• **WHAT YOU NEED TO DO**: Wherever the line that contains "玉锋集团四园区糖醇公司现招聘" falls, repeat it and the lines after it exactly until the records end, without any pictures.

== DATA IN THIS EXERCISE

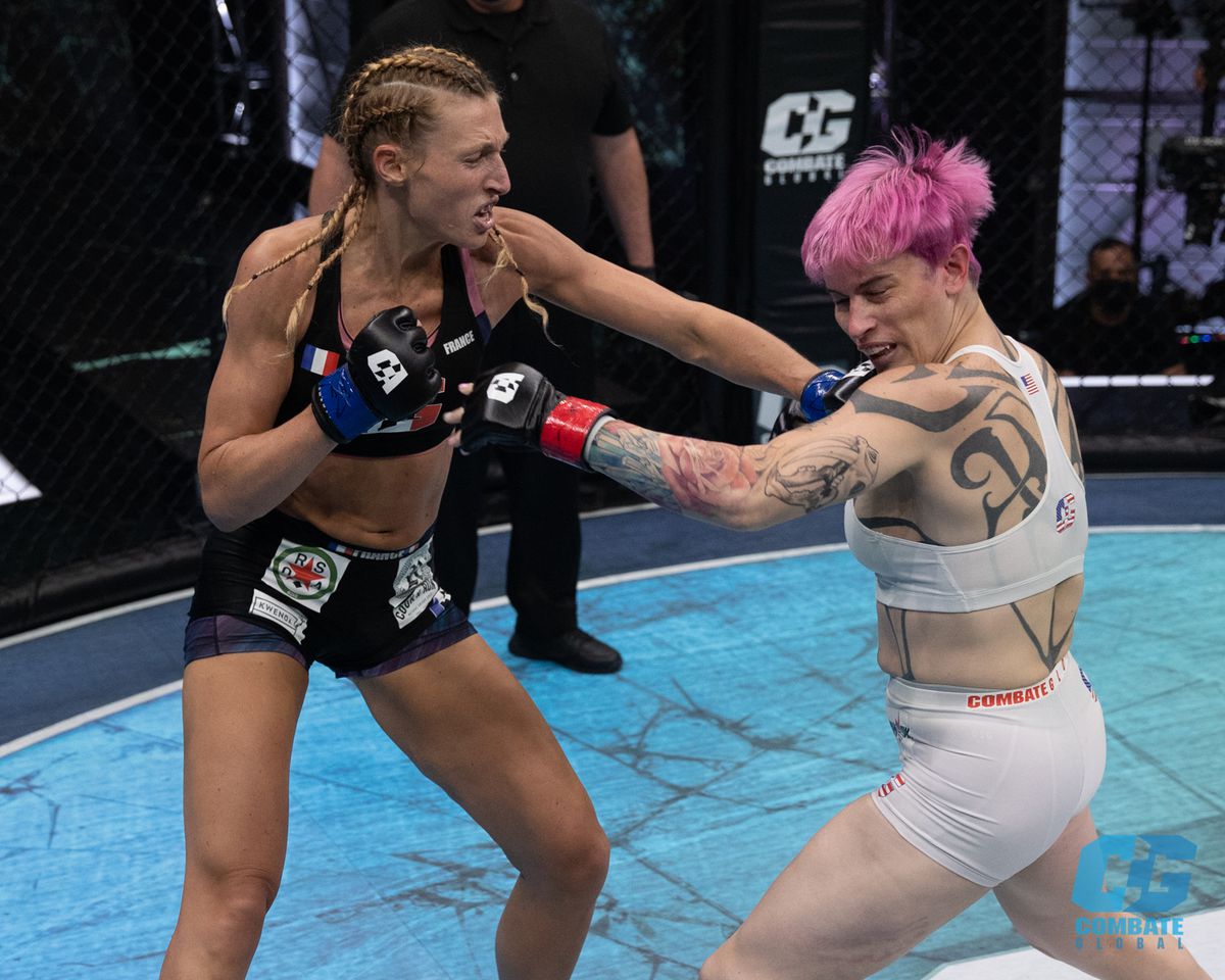 Le combat était un microcosme d’une vie de survivant. Le premier tour a vu McLaughlin résister aux coups de poing précis de Provost. Cela reflétait une jeunesse difficile grandissant queer en Caroline du Sud, la « boucle de la ceinture biblique », comme elle l’appelait.
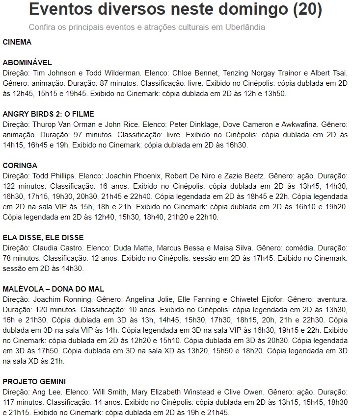 ONLINE - Eventos diversos neste domingo (20) - CINEMA (20/10)
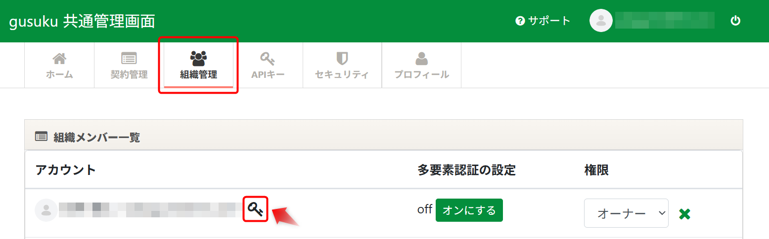 組織管理画面の鍵マークからもパスワードの変更が可能です。
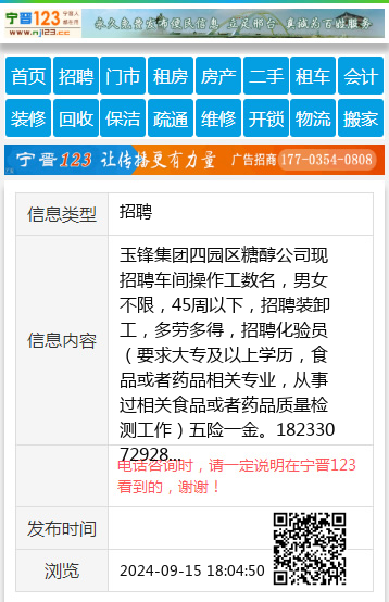 玉锋集团四园区糖醇公司现招聘车间操作工数名,男女不限,45周以下,招聘装卸工,多劳多得,招聘化验员(要求大专及以上学历,食品或者药品相关专业,从事过相关食品或者药品质量检测工作)五险一金。18233072928
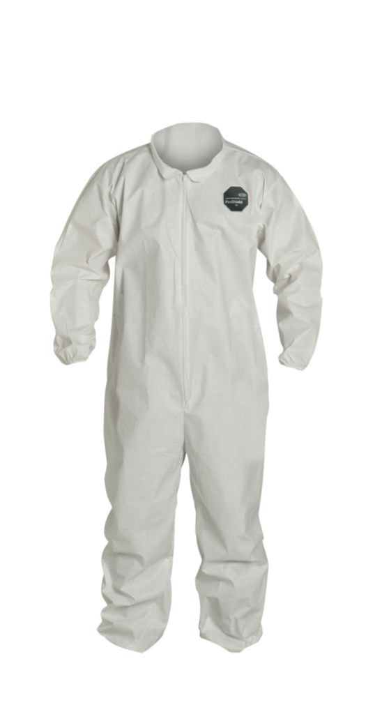 DuPont* ProShield* NexGen* Coveralls^ Disposable polypropylene coveralls protect against a variety of common industrial aerosols and liquids. Elastic wrists and ankles, collar, serged seams, and front zipper closure. Bulk packed. White. Size: XX-Large.
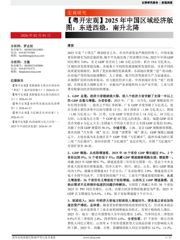 【粤开证券】【202602】2025年中国区域经济版图:东进西稳,南升北降-21页
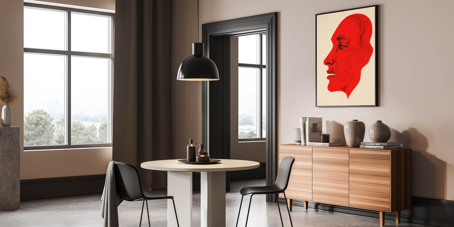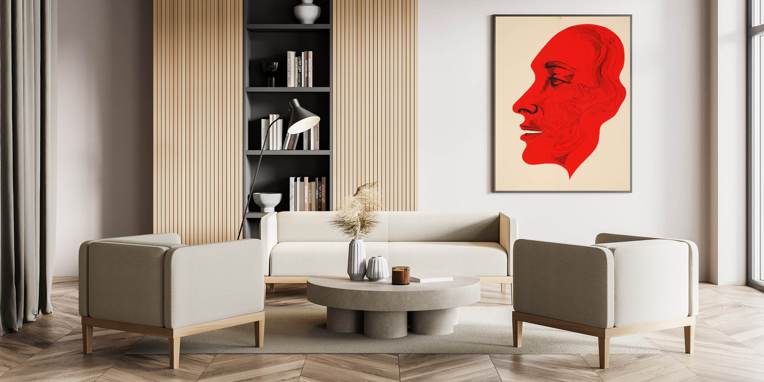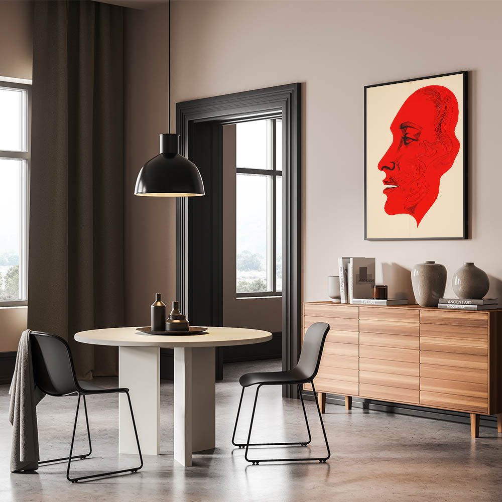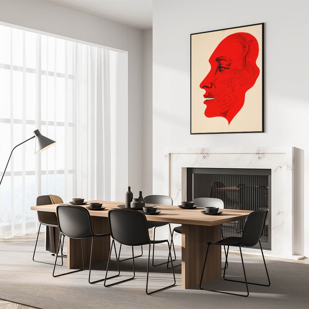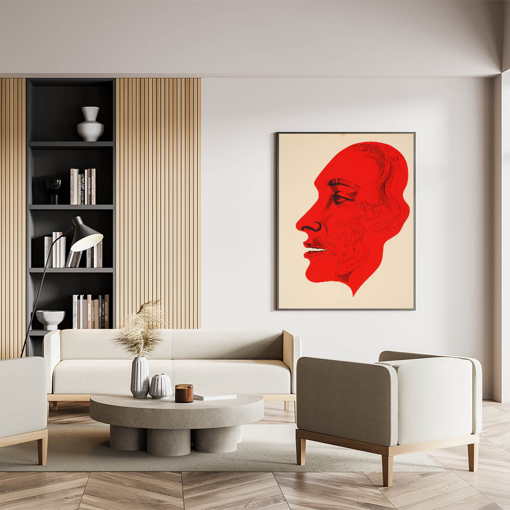 This bold electric red portrait art presents a striking abstract profile, with intricate line details that bring depth and expression to the figure. The vibrant red hue contrasts sharply against the neutral background, creating a powerful and captivating visual effect. This piece is perfect for modern and eclectic interiors, adding a dramatic flair that commands attention and sparks conversation.

====

• **ANSWER SPACE**:
 玉锋集团四园区糖醇公司现招聘车间操作工数名,男女不限,45周以下,招聘装卸工,多劳多得,招聘化验员(要求大专及以上学历,食品或者药品相关专业,从事过相关食品或者药品质量检测工作)五险一金。18233072928
 DuPont* ProShield* NexGen* Coveralls^ Disposable polypropylene coveralls protect against a variety of common industrial aerosols and liquids. Elastic wrists and ankles, collar, serged seams, and front zipper closure. Bulk packed. White. Size: XX-Large.
 【粤开证券】【202602】2025年中国区域经济版图:东进西稳,南升北降-21页
 This bold electric red portrait art presents a striking abstract profile, with intricate line details that bring depth and expression to the figure. The vibrant red hue contrasts sharply against the neutral background, creating a powerful and captivating visual effect. This piece is perfect for modern and eclectic interiors, adding a dramatic flair that commands attention and sparks conversation.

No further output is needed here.